● **Exercise goal**
Go over the records and copy every line with the string "Serra".
● ● ●
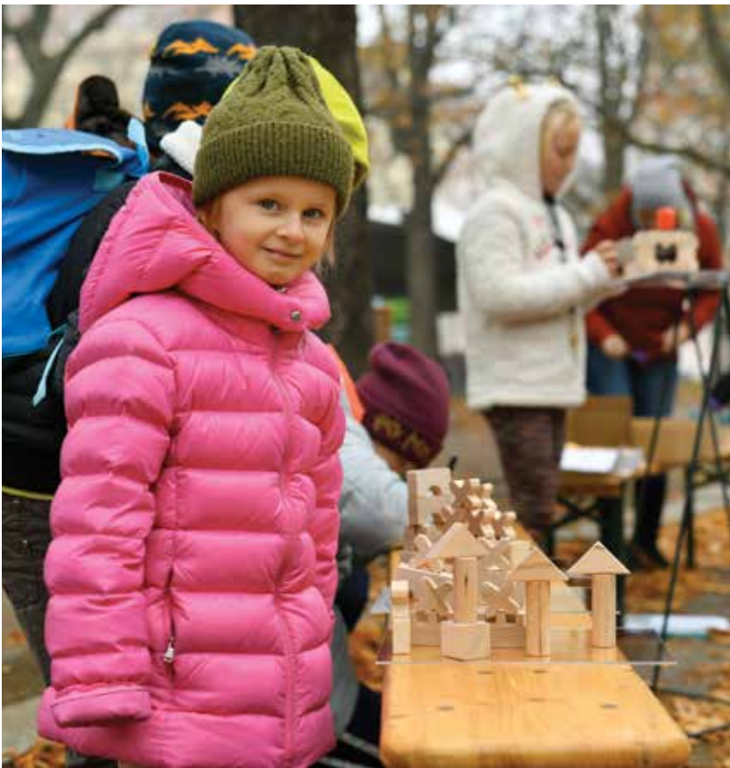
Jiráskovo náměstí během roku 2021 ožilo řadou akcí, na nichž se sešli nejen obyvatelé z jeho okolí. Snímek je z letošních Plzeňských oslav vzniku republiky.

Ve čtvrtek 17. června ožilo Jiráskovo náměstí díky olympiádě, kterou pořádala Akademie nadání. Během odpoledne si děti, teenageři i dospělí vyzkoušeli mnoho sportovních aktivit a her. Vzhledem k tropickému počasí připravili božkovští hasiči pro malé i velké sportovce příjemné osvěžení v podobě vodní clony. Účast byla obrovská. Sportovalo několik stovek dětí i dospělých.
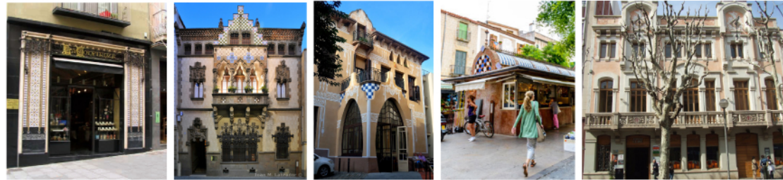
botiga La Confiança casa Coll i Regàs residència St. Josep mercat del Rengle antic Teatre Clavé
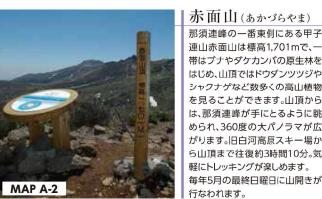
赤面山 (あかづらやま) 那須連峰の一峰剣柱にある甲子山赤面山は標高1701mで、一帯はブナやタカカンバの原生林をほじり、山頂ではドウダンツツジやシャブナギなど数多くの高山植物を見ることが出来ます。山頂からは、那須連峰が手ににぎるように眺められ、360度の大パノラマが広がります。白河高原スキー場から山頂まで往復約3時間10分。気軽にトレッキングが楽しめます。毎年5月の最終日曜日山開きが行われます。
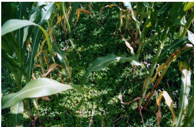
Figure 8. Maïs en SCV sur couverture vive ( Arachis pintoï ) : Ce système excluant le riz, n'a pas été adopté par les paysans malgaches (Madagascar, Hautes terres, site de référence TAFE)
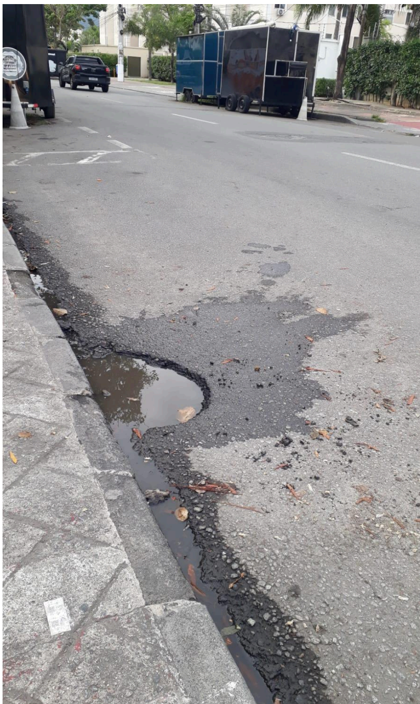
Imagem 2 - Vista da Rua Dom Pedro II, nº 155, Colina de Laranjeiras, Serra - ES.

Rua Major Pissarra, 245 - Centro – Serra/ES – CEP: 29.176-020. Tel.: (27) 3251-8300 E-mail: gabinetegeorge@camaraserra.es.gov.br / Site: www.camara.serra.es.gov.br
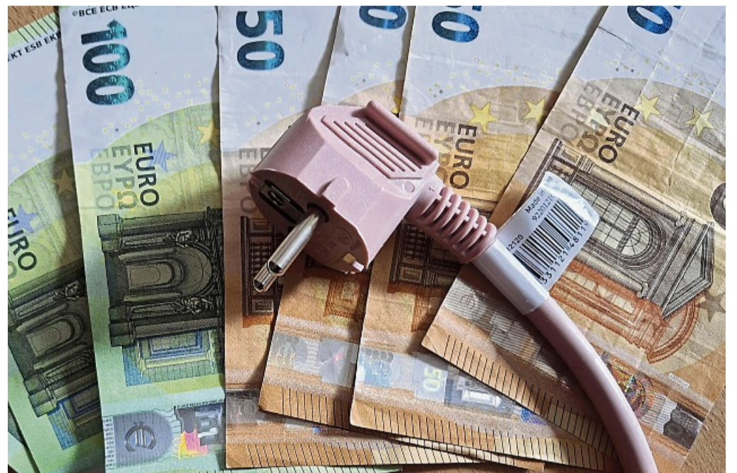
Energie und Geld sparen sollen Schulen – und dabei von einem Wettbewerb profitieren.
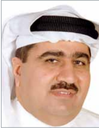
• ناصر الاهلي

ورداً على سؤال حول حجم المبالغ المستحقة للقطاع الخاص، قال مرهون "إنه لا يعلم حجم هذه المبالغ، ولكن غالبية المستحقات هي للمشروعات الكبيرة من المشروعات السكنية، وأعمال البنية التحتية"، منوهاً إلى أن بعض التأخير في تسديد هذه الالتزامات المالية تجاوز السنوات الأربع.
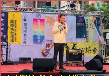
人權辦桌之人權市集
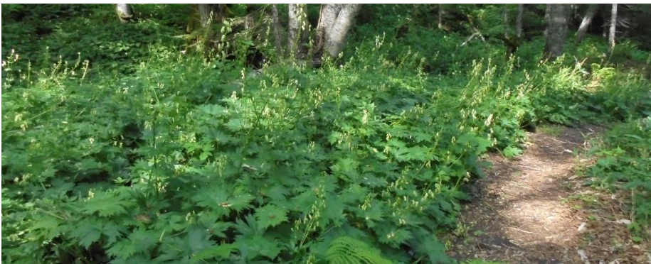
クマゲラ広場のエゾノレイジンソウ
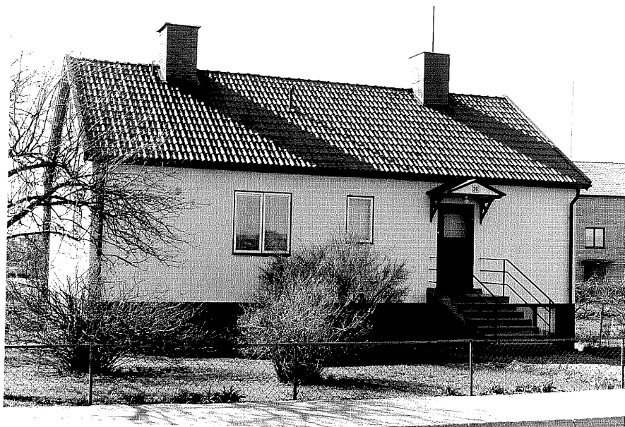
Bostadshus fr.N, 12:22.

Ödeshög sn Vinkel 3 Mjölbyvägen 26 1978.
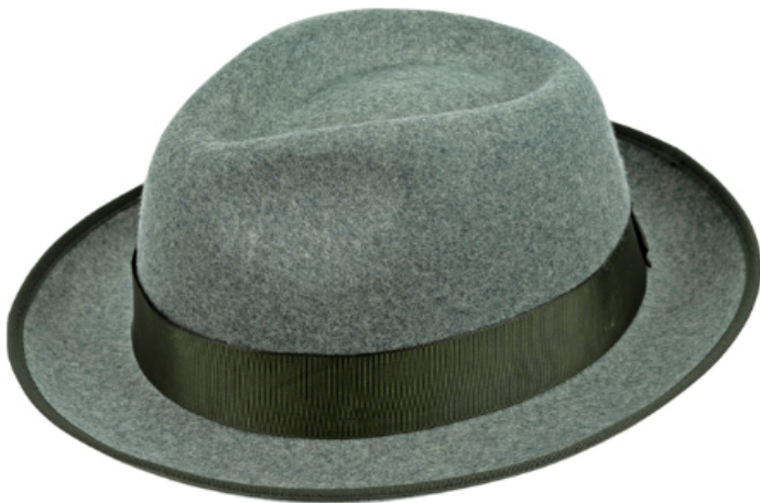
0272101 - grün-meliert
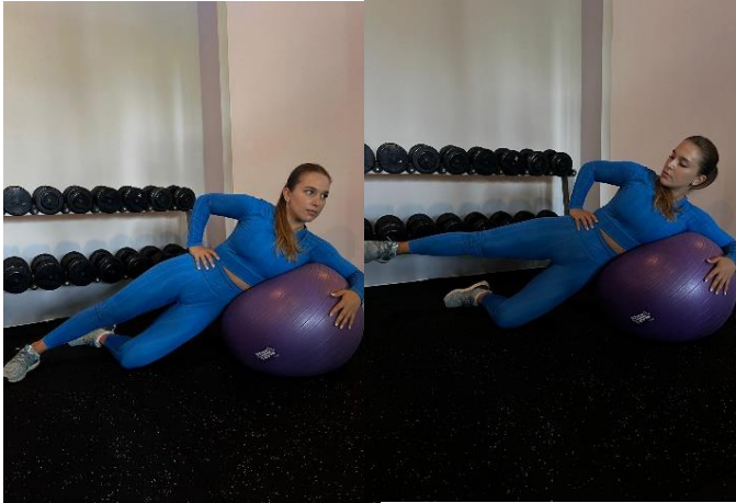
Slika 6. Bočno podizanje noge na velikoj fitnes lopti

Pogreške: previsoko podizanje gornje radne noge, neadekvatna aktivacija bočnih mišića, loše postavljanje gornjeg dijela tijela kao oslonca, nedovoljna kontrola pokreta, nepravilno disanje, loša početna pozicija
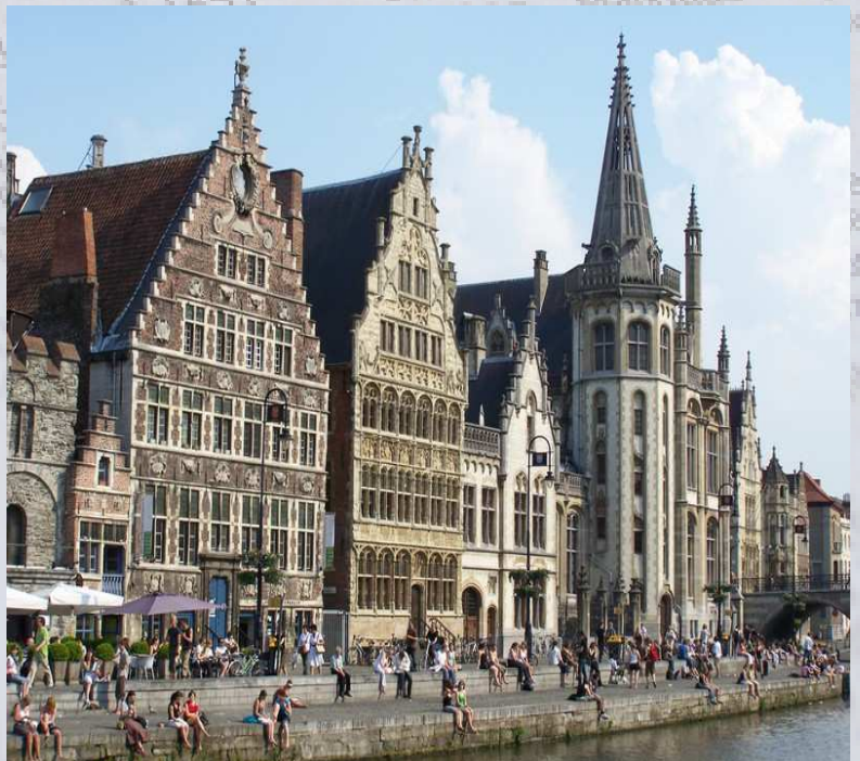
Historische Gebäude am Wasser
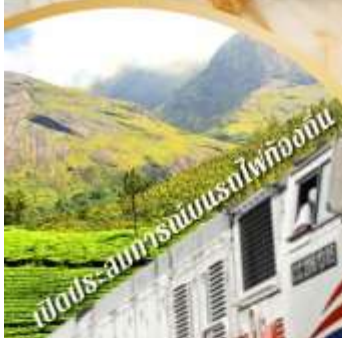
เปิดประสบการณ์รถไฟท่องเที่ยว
● ● ●
● **Solution to this problem**
Imagem 2 - Vista da Rua Dom Pedro II, nº 155, Colina de Laranjeiras, Serra - ES.
Rua Major Pissarra, 245 - Centro – Serra/ES – CEP: 29.176-020. Tel.: (27) 3251-8300 E-mail: gabinetegeorge@camaraserra.es.gov.br / Site: www.camara.serra.es.gov.br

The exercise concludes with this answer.